- **Work to be completed**:
Quote word for word from the line holding "Hand Pallet Trucks" to the last line below, including both, and omit any pictures.

- **Given data**:
──────
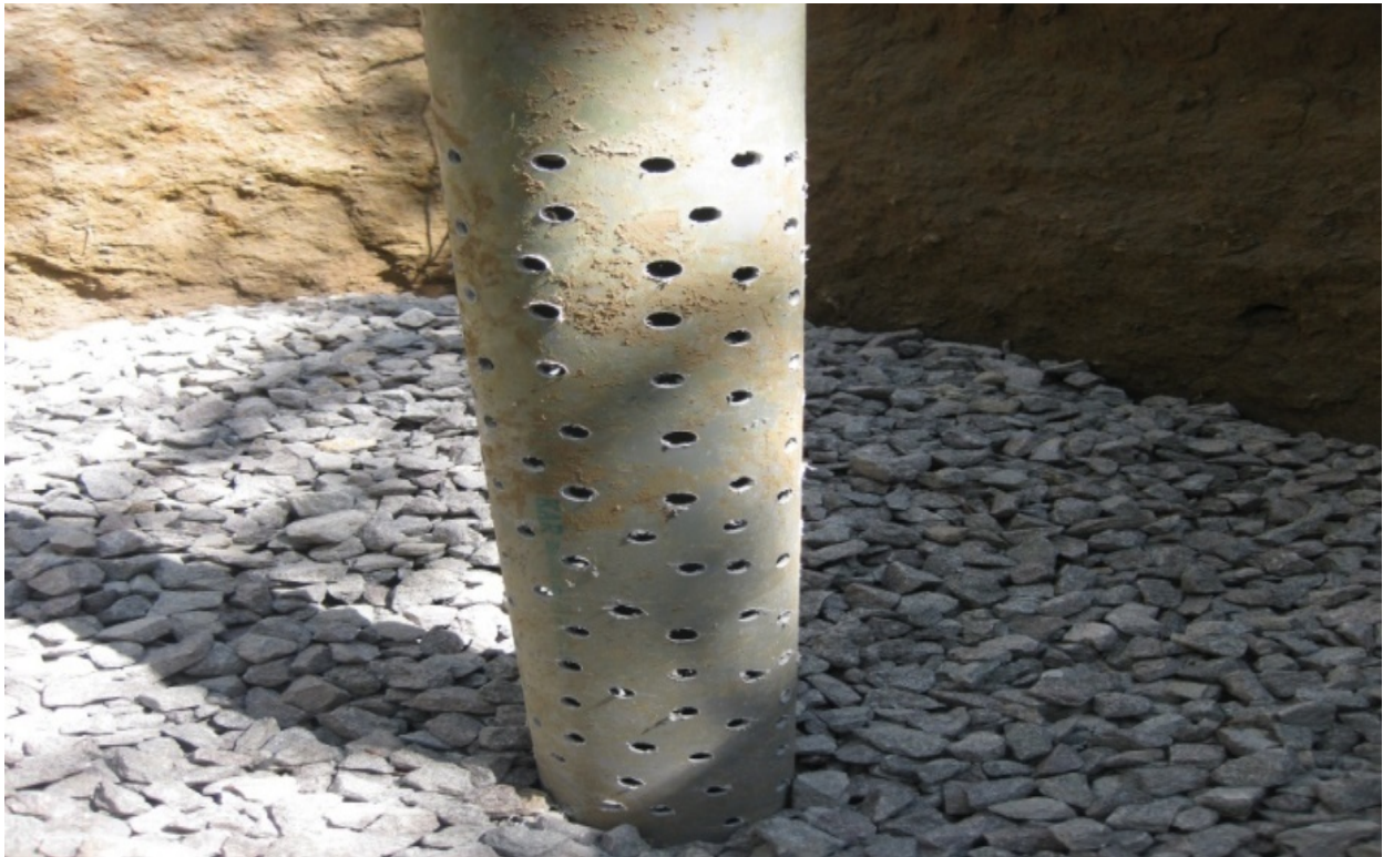
CONSTRUCTION OF RAIN WATER HARVESTING PITS
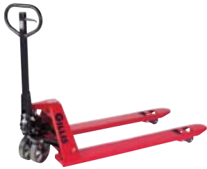
Hand Pallet Trucks
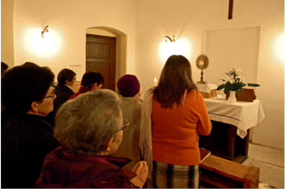
Atonement held together with the Act of Adoration on the 13 th of each month in the side chapel of the Zetelaka/Zetea parish church. Zetelaka/Zetea, 2010.
──────
- **Answer**:
Hand Pallet Trucks
Atonement held together with the Act of Adoration on the 13 th of each month in the side chapel of the Zetelaka/Zetea parish church. Zetelaka/Zetea, 2010.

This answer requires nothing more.